What the exercise asks:
Among the lines below, output only those between the line holding "The intricately printed" and the line holding "AMD A620 chipset", inclusive, exactly as written and with no pictures.

Exercise materials:
:::
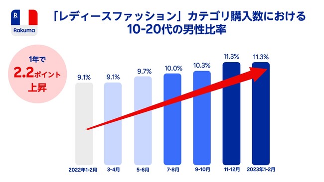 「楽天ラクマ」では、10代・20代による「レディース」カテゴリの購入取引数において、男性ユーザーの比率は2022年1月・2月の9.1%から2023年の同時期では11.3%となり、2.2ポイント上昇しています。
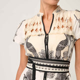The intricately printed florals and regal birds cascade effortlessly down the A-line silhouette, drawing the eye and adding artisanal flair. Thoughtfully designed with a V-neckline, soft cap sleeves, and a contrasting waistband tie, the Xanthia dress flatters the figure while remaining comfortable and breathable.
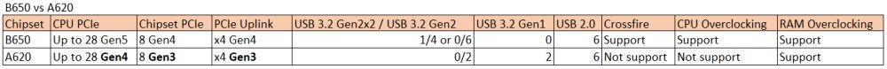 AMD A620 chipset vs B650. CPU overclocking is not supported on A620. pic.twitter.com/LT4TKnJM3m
:::
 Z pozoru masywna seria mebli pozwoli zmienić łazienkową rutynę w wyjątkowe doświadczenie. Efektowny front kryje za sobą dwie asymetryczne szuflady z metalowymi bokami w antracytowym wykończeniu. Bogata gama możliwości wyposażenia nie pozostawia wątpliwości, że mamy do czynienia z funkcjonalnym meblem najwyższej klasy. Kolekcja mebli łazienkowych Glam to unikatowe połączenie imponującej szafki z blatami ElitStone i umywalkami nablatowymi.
:::
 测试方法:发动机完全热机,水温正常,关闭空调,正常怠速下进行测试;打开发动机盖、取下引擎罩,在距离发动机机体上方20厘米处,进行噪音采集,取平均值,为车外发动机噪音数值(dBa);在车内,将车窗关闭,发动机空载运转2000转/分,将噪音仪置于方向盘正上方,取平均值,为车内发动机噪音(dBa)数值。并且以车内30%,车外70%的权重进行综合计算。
:::
Output for this task:
The intricately printed florals and regal birds cascade effortlessly down the A-line silhouette, drawing the eye and adding artisanal flair. Thoughtfully designed with a V-neckline, soft cap sleeves, and a contrasting waistband tie, the Xanthia dress flatters the figure while remaining comfortable and breathable.
 AMD A620 chipset vs B650. CPU overclocking is not supported on A620. pic.twitter.com/LT4TKnJM3m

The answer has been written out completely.